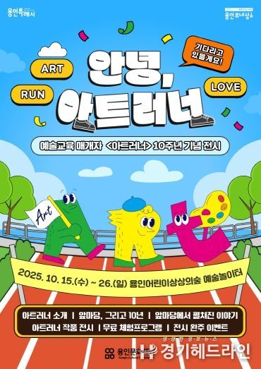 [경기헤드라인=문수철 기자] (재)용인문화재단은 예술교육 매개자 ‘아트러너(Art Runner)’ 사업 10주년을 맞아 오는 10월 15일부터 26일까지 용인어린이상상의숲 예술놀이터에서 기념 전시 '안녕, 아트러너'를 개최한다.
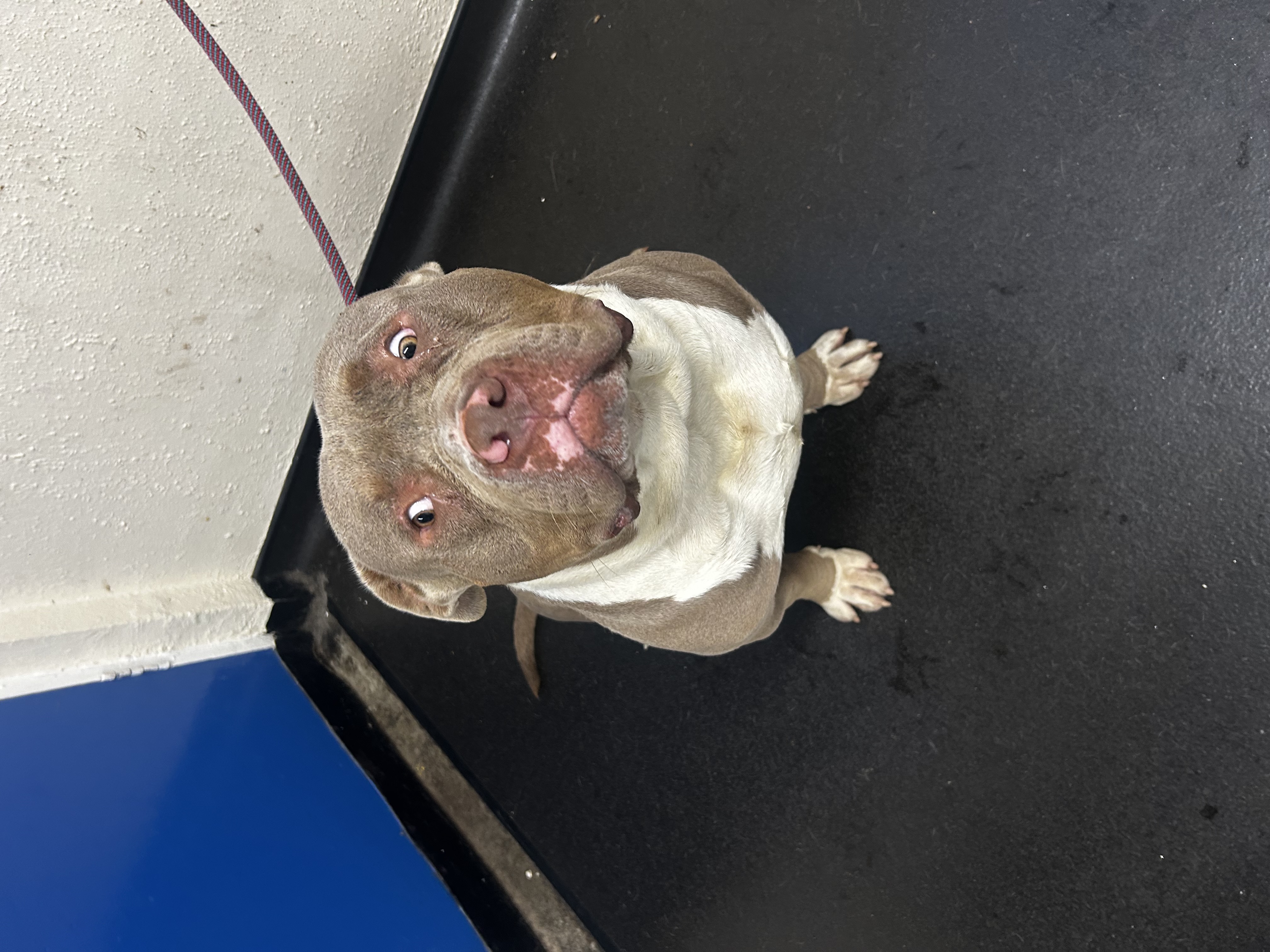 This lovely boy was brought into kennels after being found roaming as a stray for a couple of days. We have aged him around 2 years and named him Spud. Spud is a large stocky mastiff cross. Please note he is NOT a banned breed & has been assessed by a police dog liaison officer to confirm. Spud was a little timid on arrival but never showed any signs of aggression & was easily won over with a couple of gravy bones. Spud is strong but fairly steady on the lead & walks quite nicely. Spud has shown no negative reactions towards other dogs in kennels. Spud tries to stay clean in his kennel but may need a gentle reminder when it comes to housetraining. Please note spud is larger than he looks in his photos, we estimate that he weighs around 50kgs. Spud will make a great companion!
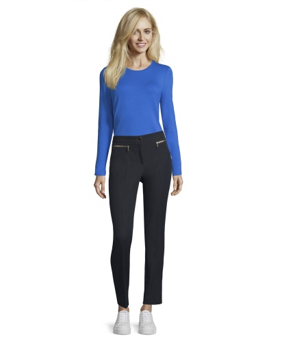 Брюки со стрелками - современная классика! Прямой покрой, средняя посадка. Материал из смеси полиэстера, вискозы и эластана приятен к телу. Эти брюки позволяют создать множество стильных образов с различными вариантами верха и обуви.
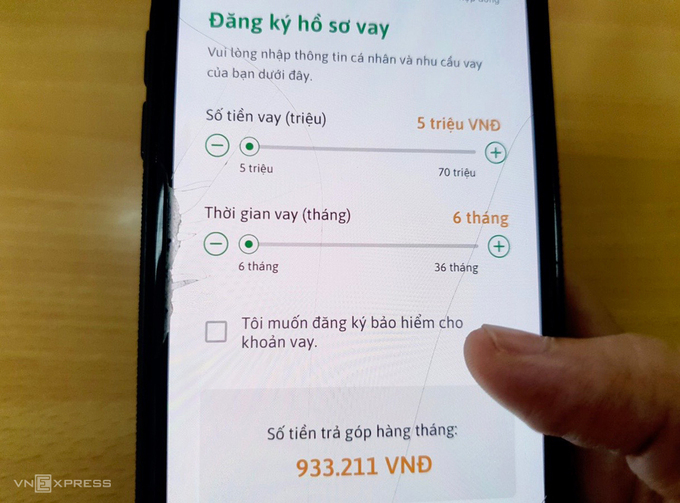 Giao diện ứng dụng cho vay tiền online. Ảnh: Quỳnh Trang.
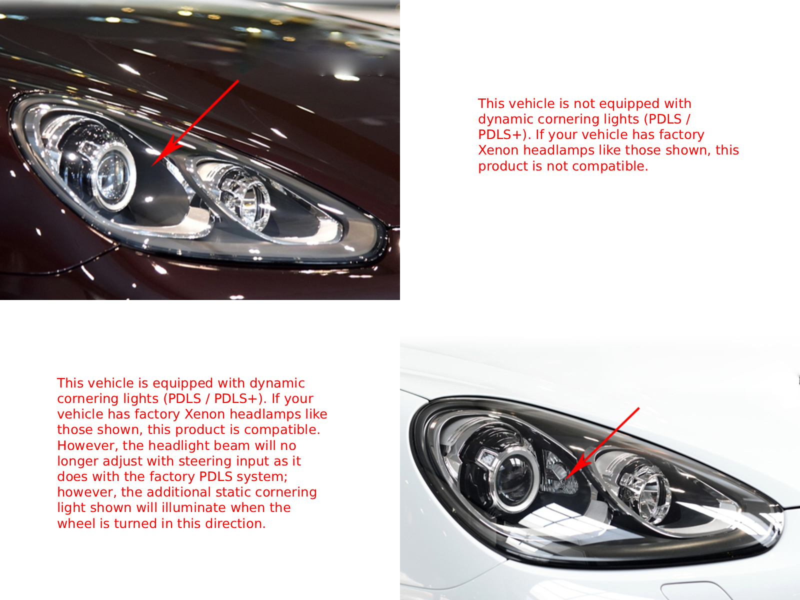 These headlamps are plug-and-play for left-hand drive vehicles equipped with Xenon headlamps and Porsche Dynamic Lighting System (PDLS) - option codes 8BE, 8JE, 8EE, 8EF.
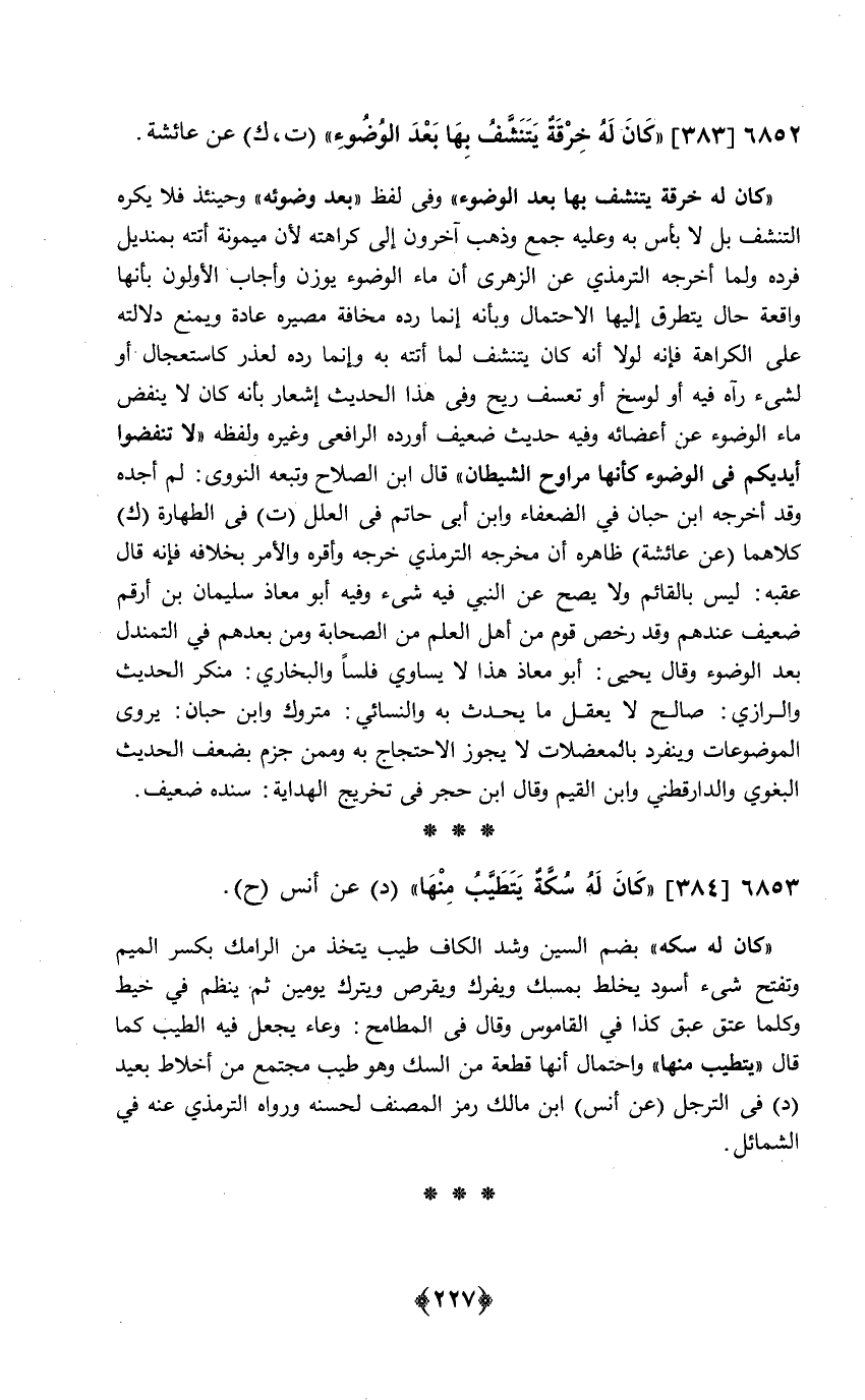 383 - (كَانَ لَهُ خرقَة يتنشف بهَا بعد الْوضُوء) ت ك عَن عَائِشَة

**Task description**
Although the records contain pictures, the copy should consist of their text alone, reproduced exactly.

**Solution for this exercise**
 [경기헤드라인=문수철 기자] (재)용인문화재단은 예술교육 매개자 ‘아트러너(Art Runner)’ 사업 10주년을 맞아 오는 10월 15일부터 26일까지 용인어린이상상의숲 예술놀이터에서 기념 전시 '안녕, 아트러너'를 개최한다.
 This lovely boy was brought into kennels after being found roaming as a stray for a couple of days. We have aged him around 2 years and named him Spud. Spud is a large stocky mastiff cross. Please note he is NOT a banned breed & has been assessed by a police dog liaison officer to confirm. Spud was a little timid on arrival but never showed any signs of aggression & was easily won over with a couple of gravy bones. Spud is strong but fairly steady on the lead & walks quite nicely. Spud has shown no negative reactions towards other dogs in kennels. Spud tries to stay clean in his kennel but may need a gentle reminder when it comes to housetraining. Please note spud is larger than he looks in his photos, we estimate that he weighs around 50kgs. Spud will make a great companion!
 Брюки со стрелками - современная классика! Прямой покрой, средняя посадка. Материал из смеси полиэстера, вискозы и эластана приятен к телу. Эти брюки позволяют создать множество стильных образов с различными вариантами верха и обуви.
 Giao diện ứng dụng cho vay tiền online. Ảnh: Quỳnh Trang.
 These headlamps are plug-and-play for left-hand drive vehicles equipped with Xenon headlamps and Porsche Dynamic Lighting System (PDLS) - option codes 8BE, 8JE, 8EE, 8EF.
 383 - (كَانَ لَهُ خرقَة يتنشف بهَا بعد الْوضُوء) ت ك عَن عَائِشَة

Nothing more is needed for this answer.